Is it always an act of kindness to give your adult children financial support?
Many parents who give their grown children financial assistance have good intentions. While their generosity appears to be a gift on the surface, these adult children may pay a heavy price for the free money.
Why is supporting your adult children so damaging?
When overprotecting your king ruins your game
Let’s take a look at what happens if a chess player is too protective of his most vulnerable piece – the king:
As the most important piece on the board, the king needs protection. But sometimes building a strong fortification around the king makes it more susceptible to a deadly attack since it cannot move itself out of harm’s way. Too much protection of a valuable piece can actually stifle its movements.
Similarly, as a “chess dad,” who has watched winning and losing tournaments, I can tell you how difficult it is not to help my kids. I know that when the pressure is on, it’s important to let them play their own game. By giving them space to move themselves, they learn how to become self-sufficient.
This teaches an important financial lesson: Sometimes overprotecting a valuable asset leads to its ultimate downfall. This may happen if you give too much financial support to your children.
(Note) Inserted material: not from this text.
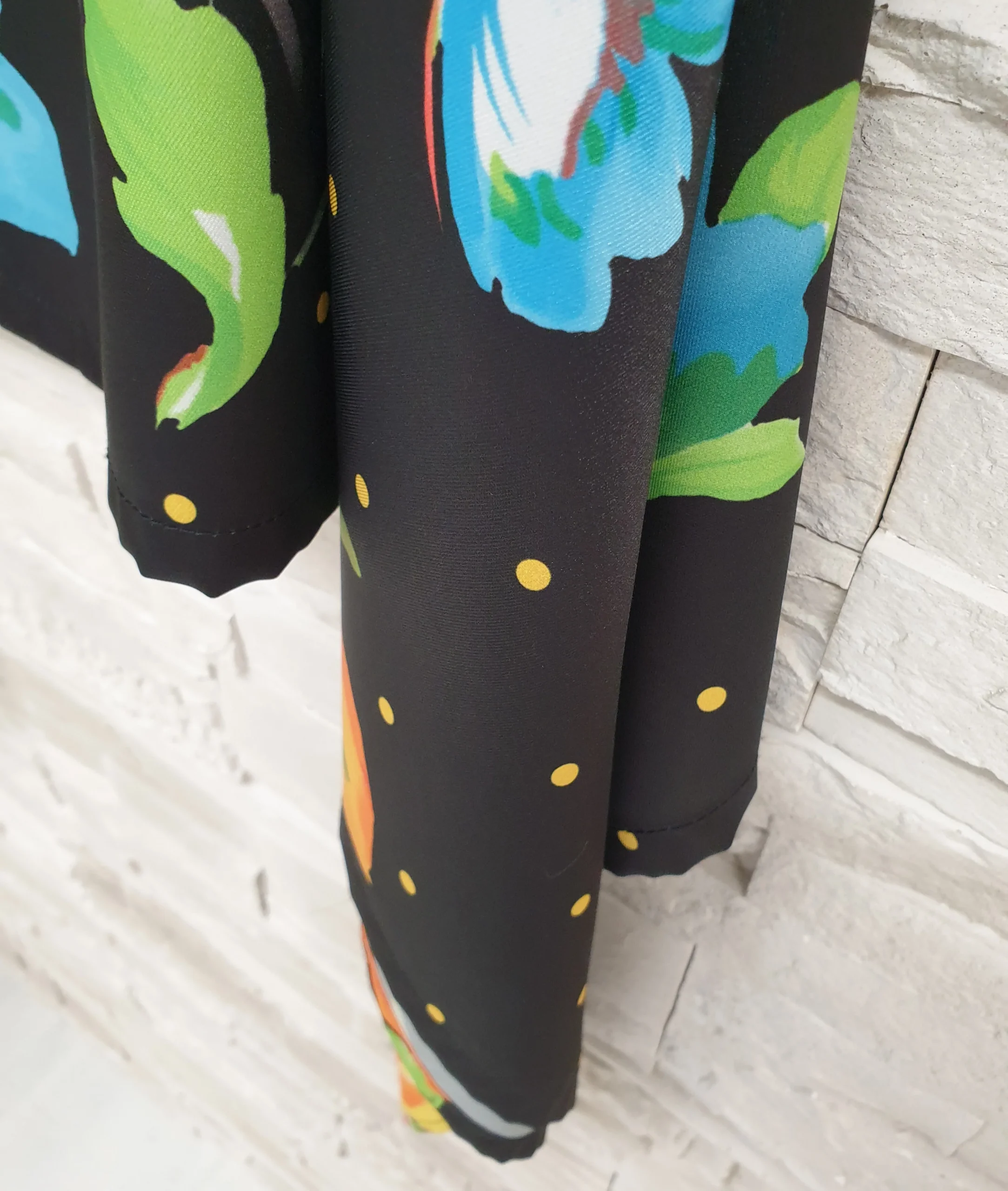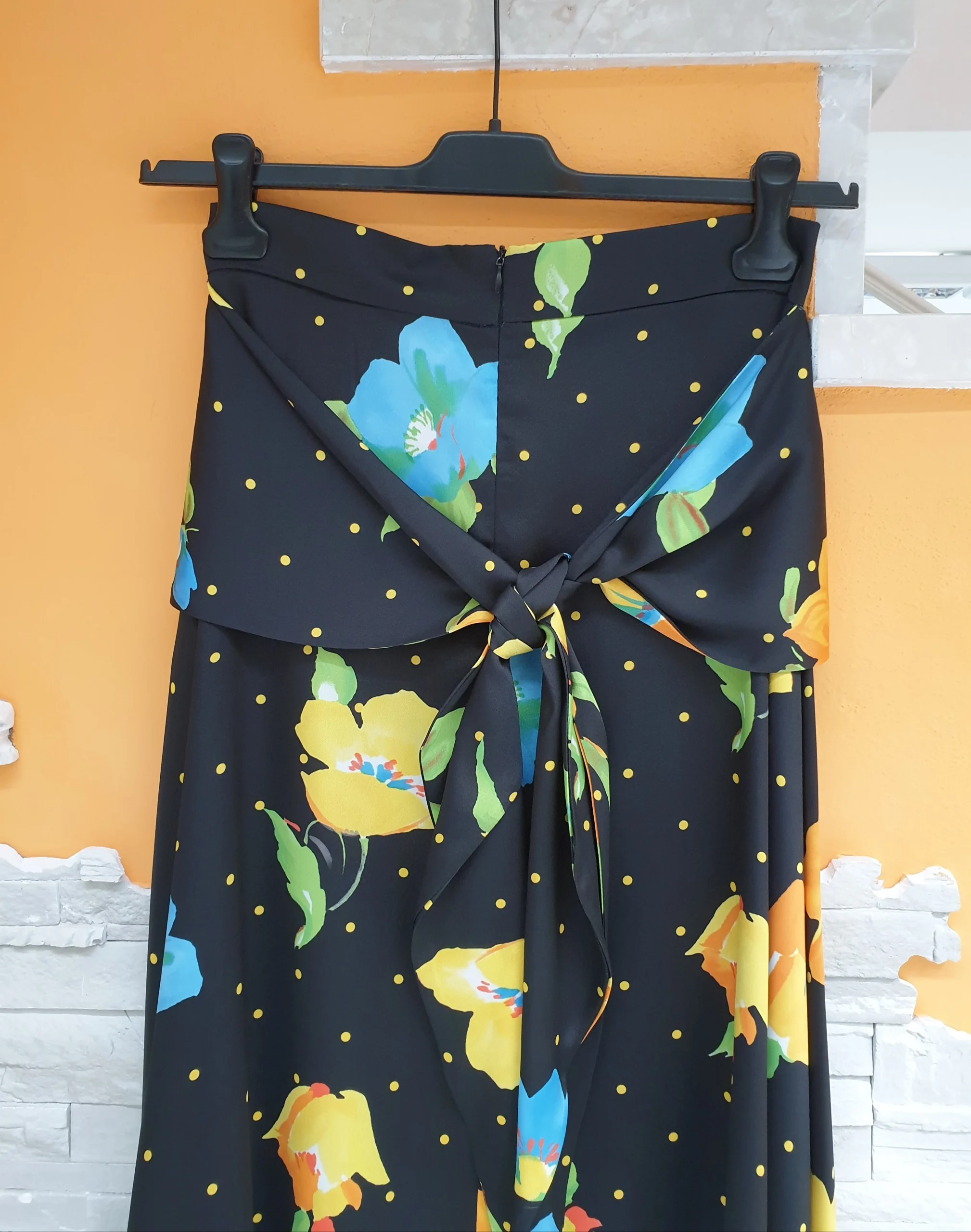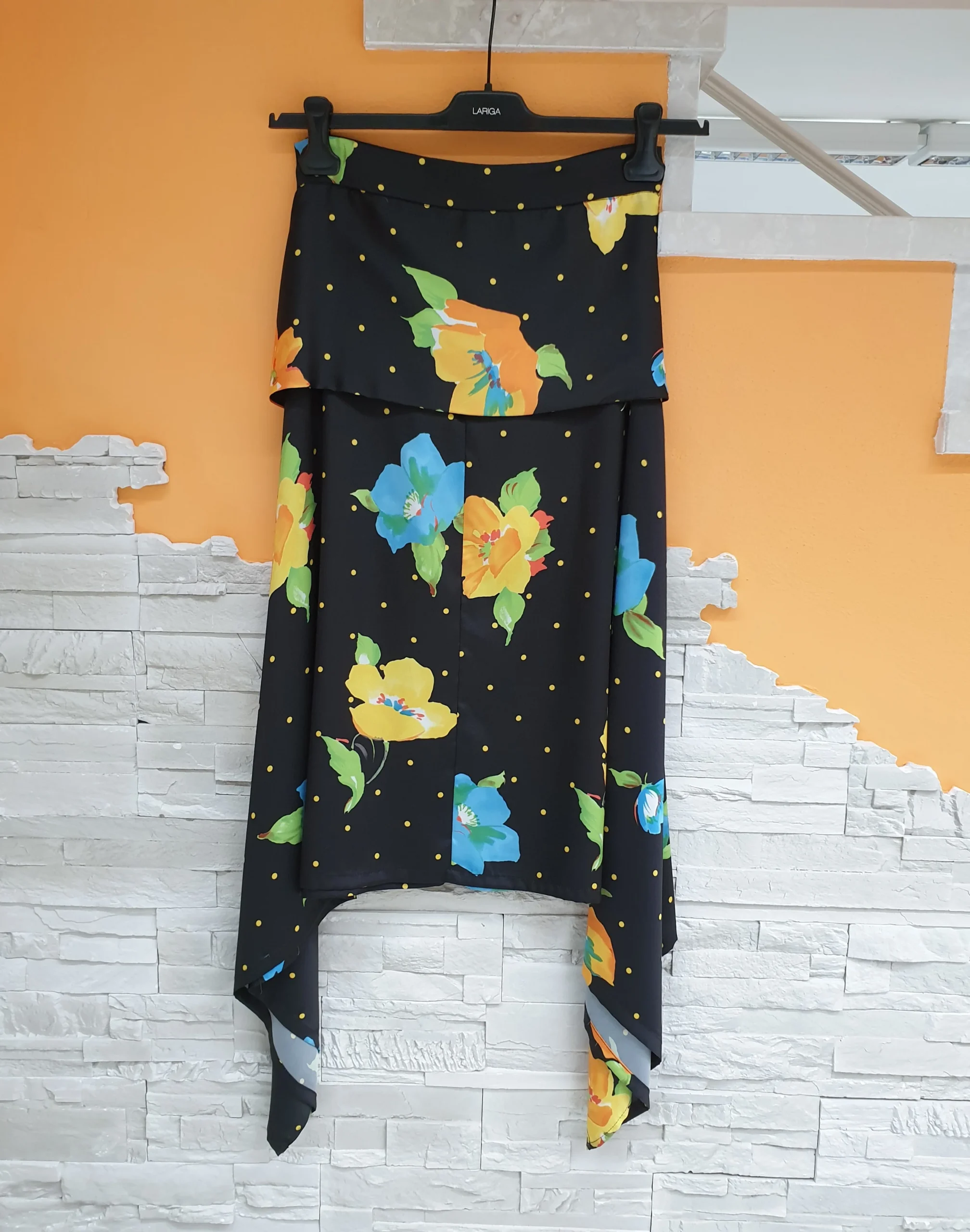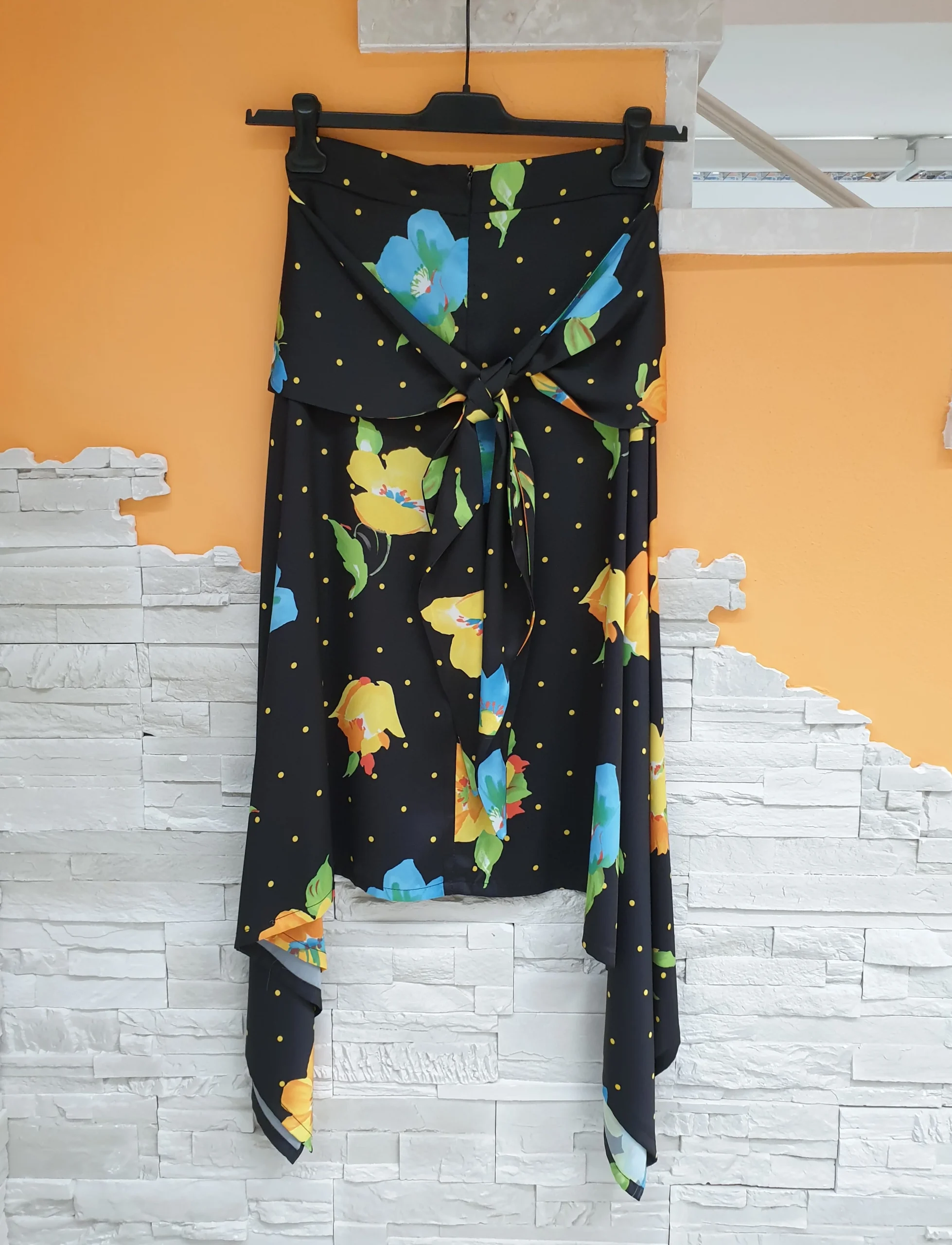 Gonna lunghezza sotto ginocchio asimmetrica con punte con spacchi laterali, fondo nero fant pois e fiori color. Pannello sovrapposto attaccato alla cintura con nodo/fiocco retro; chiusura con zip retro.

Consider those folks who hover over every aspect of their children’s lives, buying their sons and daughters anything they want. Their tuition and extracurricular activities, no matter how expensive, get delivered to them, along with credit cards to use without needing to pay the bills. Finally after grad school, an internship or two, and paid-for rent, the children – now in their late twenties or thirties – must face the world. They feel like kings, since their parents treated them that way. But like the kings who were forever protected in the back rank, many have been so sheltered that they cannot parry against threats and they do not know how to navigate through the basics of handling money on their own.
Teach your children financial responsibility
On the chess board, to avoid getting stuck in a back-rank check, you need to move one of those pawns up a square at some point in the game. By doing so, the king can slip out if attacked. Likewise, any child who had to earn his allowance, get a part-time job, and become involved in handling his money from a young age will understand the concept of budgeting and setting up an emergency fund. Then, he can prevent potential financial disaster, or if challenged from an unexpected direction, he’ll have an escape route, too.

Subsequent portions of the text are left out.